WHAT YOU ARE ASKED TO DO = Your job is to give again, exactly and with no additions, the lines in the records below from the one with "バレーボール国内最高峰リーグ V.LEAGUE【12月29日の試合結果】" through the one with "历史的骨架下,流淌的是生生不", both included. Omit the pictures.

MATERIAL SUPPLIED =
========================
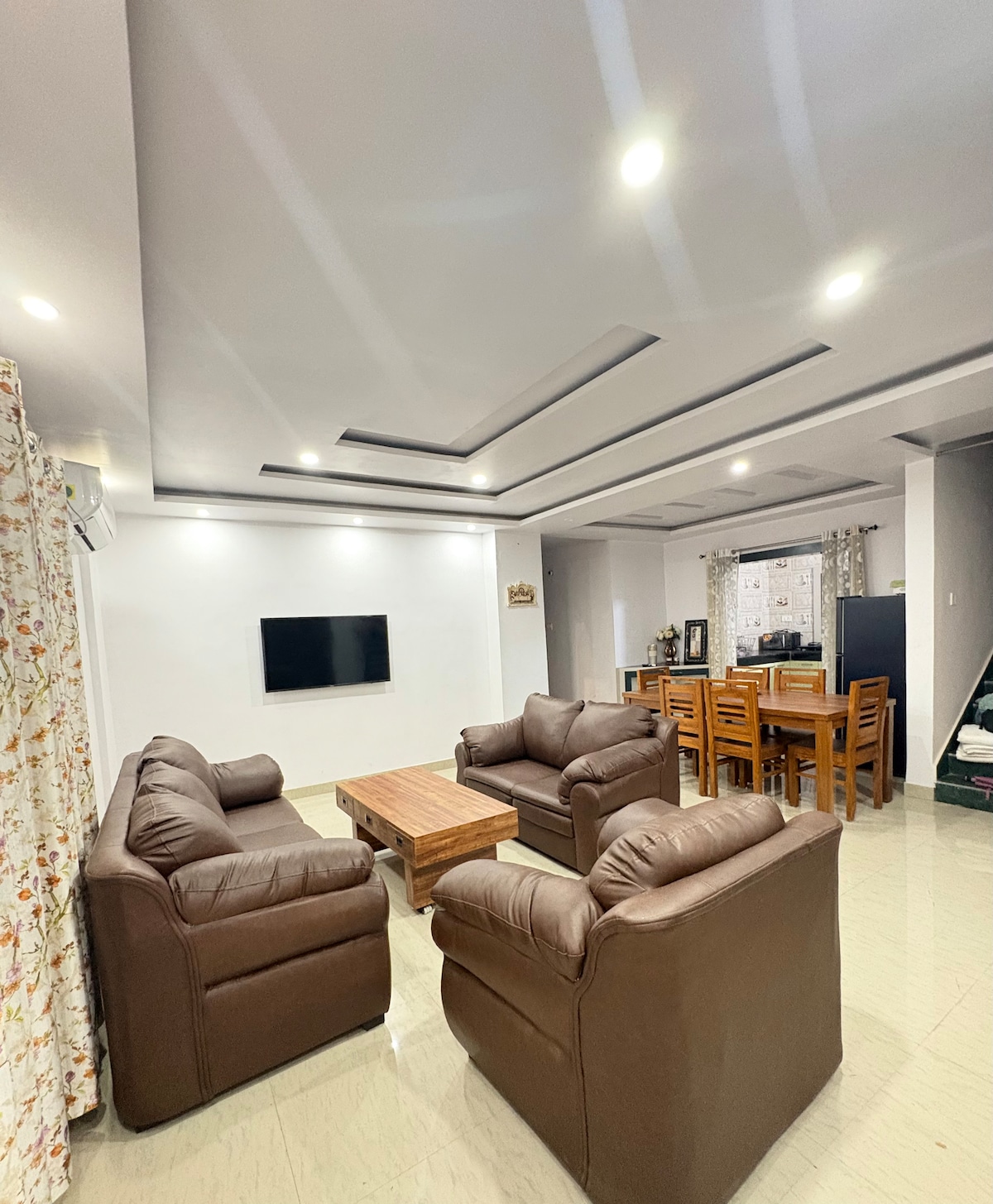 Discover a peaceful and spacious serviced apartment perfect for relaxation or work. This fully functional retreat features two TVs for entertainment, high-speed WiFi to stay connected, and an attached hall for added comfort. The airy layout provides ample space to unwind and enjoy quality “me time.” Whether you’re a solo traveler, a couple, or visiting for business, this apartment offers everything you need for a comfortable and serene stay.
========================
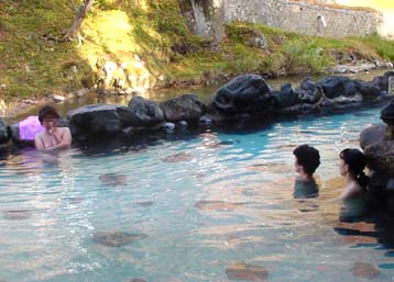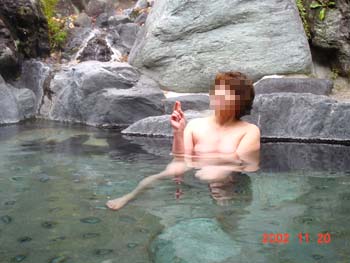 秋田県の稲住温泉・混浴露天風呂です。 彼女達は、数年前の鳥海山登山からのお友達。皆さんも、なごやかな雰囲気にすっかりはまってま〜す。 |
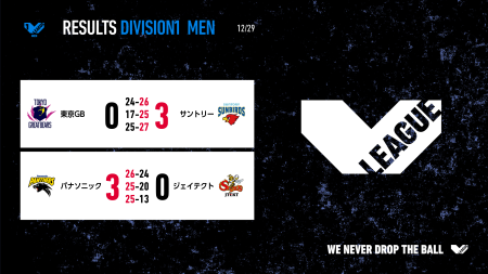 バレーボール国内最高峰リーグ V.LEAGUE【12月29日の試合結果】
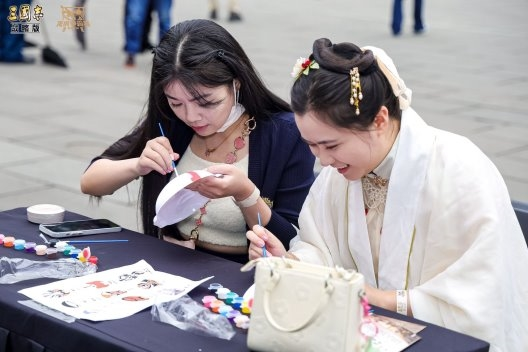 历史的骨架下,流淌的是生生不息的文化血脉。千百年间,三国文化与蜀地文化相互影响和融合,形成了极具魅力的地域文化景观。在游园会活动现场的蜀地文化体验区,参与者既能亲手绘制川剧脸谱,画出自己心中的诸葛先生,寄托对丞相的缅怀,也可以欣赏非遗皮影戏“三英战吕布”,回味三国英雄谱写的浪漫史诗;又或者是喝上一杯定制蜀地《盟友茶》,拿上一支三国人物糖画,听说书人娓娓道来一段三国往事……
========================
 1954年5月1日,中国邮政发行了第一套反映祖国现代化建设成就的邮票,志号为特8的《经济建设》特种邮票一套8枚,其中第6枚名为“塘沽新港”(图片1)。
========================
SOLUTION TO THIS PROBLEM =
 バレーボール国内最高峰リーグ V.LEAGUE【12月29日の試合結果】
 历史的骨架下,流淌的是生生不息的文化血脉。千百年间,三国文化与蜀地文化相互影响和融合,形成了极具魅力的地域文化景观。在游园会活动现场的蜀地文化体验区,参与者既能亲手绘制川剧脸谱,画出自己心中的诸葛先生,寄托对丞相的缅怀,也可以欣赏非遗皮影戏“三英战吕布”,回味三国英雄谱写的浪漫史诗;又或者是喝上一杯定制蜀地《盟友茶》,拿上一支三国人物糖画,听说书人娓娓道来一段三国往事……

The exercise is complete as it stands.